The kind of hunt that humans are believed to have practiced early on was persistence hunting, which consists of chasing prey over long distances until they are exhausted (the gazelle can outrun any human on a scale of minutes, but not on a scale of hours).

https://en.m.wikipedia.org/wiki/Persistence_hunting

If that is the case then the body type would have been low mass overall, like marathoners.

As for best body type for quality of life today (at least from a health perspective), that seems relatively aligned.

> and whether those are ideal for longevity and quality of life in modern society

This seems like the real question to me; I assume pre-agrarian humans were biologically optimizing to survive famine. Not being an expert on the subject, I wonder what sort of tradeoffs are associated with intense exercise regimes (and how the balance ultimately comes out with respect to modern society).
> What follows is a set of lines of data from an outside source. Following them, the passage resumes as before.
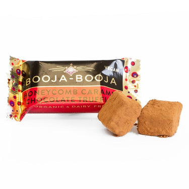 A small pack of Booja-Booja Honeycomb Caramel chocolate truffles on a white background A small pack of Booja-Booja Honeycomb Caramel chocolate truffles on a white background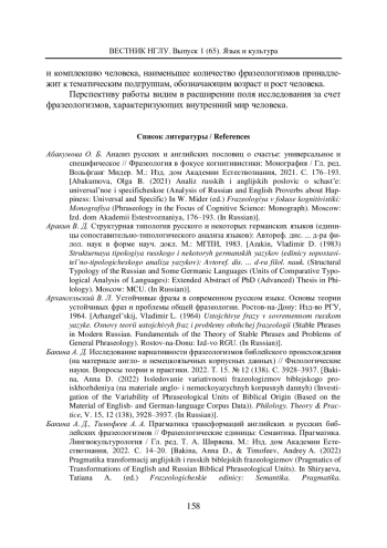 1. Абакумова О. Б. Анализ русских и английских пословиц о счастье: универсальное и специфическое // Фразеология в фокусе когнитивистики: Монография / Гл. ред. Вольфганг Мидер. М.: Изд. дом Академии Естествознания, 2021. С. 176-193.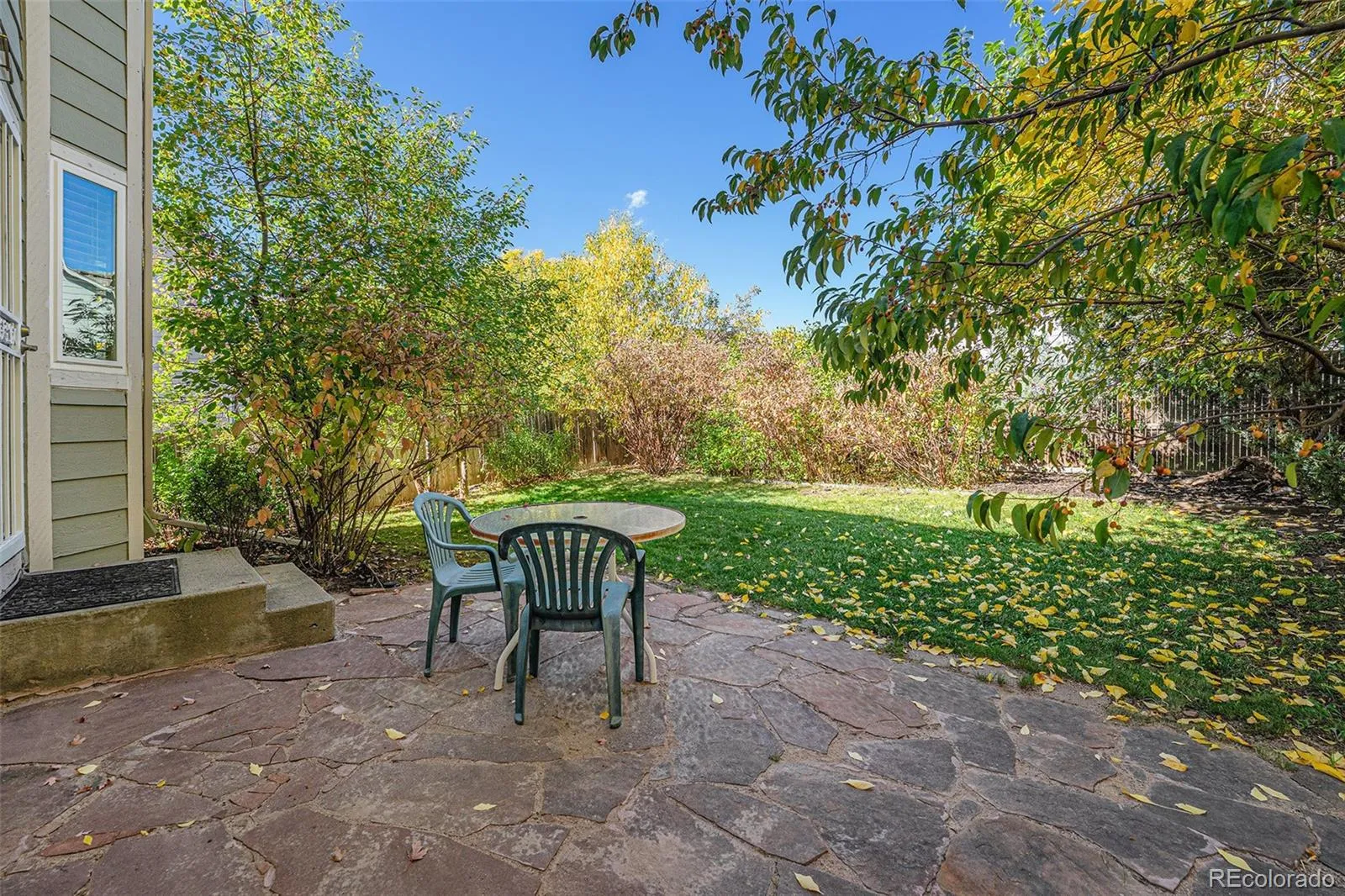 Charming cozy mature landscaping is welcoming you to have a glass of wine outside and enjoy the Colorado weather.

I suppose the low fat / high muscle combination would be unlikely for much of the year in places where it was necessary to store fat for the winter.
Neolithic hunter gatherers were as strong as elite athletes today. Civilization and automation have made us weak and frail.

https://www.popsci.com/prehistoric-women-strong-rower/

Lacking in raw physical power by comparison, sure. But what health issues do we avoid? Do new health issues arise? Optimality in a complex environment is inevitably a nontrivial trade off; we aren't forced to hunt animals with primitive weapons or contend with widespread famine in the modern world.
> But what health issues do we avoid?

Infant and child mortality is much much lower.